Dear 55-year old man at the pool (I know your age because you told me),
This afternoon you arrived with your little girls and helped them recover their footing after going down the water slide. It was very attentive of you and I'm sure they appreciated your presence. However, when you started helping other girls recover their footing, I wondered why the lifeguard didn't tell you that you weren't actually allowed to be there. I only saw you assist one girl who did not arrive with you and I gave you the benefit of the doubt. I had no idea that I would have reason to approach you later.
When my daughter came to ask me if we could buy french fries, I was a curious as to why my girls were sitting at a table with you. I assumed that maybe they had introduced themselves to your girls or maybe you had introduced your girls to them in order to help them find playmates at the pool. However, your girls were not sitting with you. My girls quickly changed tables to one I chose when I brought the fries over.

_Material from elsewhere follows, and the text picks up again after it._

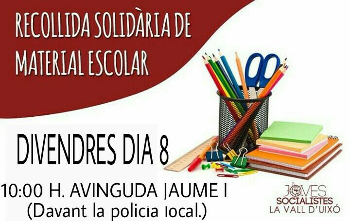 Joves Socialistes de la Vall d'Uixó ha organizado una recogida solidaria de material escolar mañana, viernes 8 de septiembre, con la instalación de un estand de 10.00 a 13.00 horas en la avenida Jaume I (enfrente de las dependencias de la Policía Local). Todo lo recogido se entregará a Cruz Roja, que lo repartirá entre las familias que lo necesitan.

A short while later, I heard that you offered candy to two of my children and a family friend while the oldest was away from the concession area. I also heard that the two younger ones accepted and you told them "don't tell your mom." When I confronted you about it, you admitted the situation and your wrong doing, including an apology. I told you that the situation raises red flags all over the place. What I didn't ask you about and it gives me a strong level of unease, is that my girls later told me that they were sitting at the table when you alone approached them and asked if you could sit with them. They thought that was weird and they are right. I won't even get into how many more flags became red with this information.
Rather than go into all the different emotions and questions I have at this time, I will simply thank you. Today I had opportunity to learn how my children react in what might be a potentially dangerous situation with strangers. I thought they had it drilled into them to not accept anything from strangers. I thought they knew to come get me if an adult they don't know is too close to them or talks to them. You helped me learn that we need to do more to prepare our kids with what to do. At this very moment, my kids are once again watching The Safe Side, and I have emphasized over and over that you were in their "safe side circle" and you are a "don't know."
From now on, when I see you at the pool, I will be watching you. I will be watching every move you make and will not hesitate to get pool management involved and I will not hesitate to call the police.
A loving and caring mom with good instincts.